The Reserve Bank of India (RBI) in its latest article has said that the uptick in the credit growth in the recent months notwithstanding the second COVID-19 wave augurs well for the economy. Bank credit growth has witnessed significant fluctuations in the past one and a half decades.
The article has noted that the period between 2007-08 and 2013-14 could be characterised as a bank credit boom period in the Indian economy, as non-food credit registered double-digit growth, primarily driven by robust credit growth to the industrial sector. Both dominant-group and other-group of banks lent aggressively to the industrial as well as other sectors and within industries, infrastructure, and basic metal and metal product industries accounted for a major portion of credit offtake from both the bank groups during the credit boom period. Thereafter, however, the credit cycle reversed along with a shift in the sectoral deployment of bank credit.

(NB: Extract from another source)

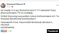 «Այս Ապրիլի 24-ի օրը Ֆրանսիան նշում է 1915 թվականի Հայոց ցեղասպանության 108-րդ տարելիցը», - ֆեյսբուքյան իր էջում գրել է Ֆրանսիայի նախագահ Էմանյուել Մակրոնը։

It further said that during 2014-15 to 2020-21, overall credit growth decelerated, primarily driven down by a reversal in credit growth to the industrial sector. The overall non-food credit growth during 2014-15 to 2020-21 was almost entirely driven by the expansion of credit to the non-industrial sectors, particularly lending to the retail segment in the form of personal loans. Active participation of both the dominant-group and the other-group of banks is driving credit growth to the non-industrial sectors.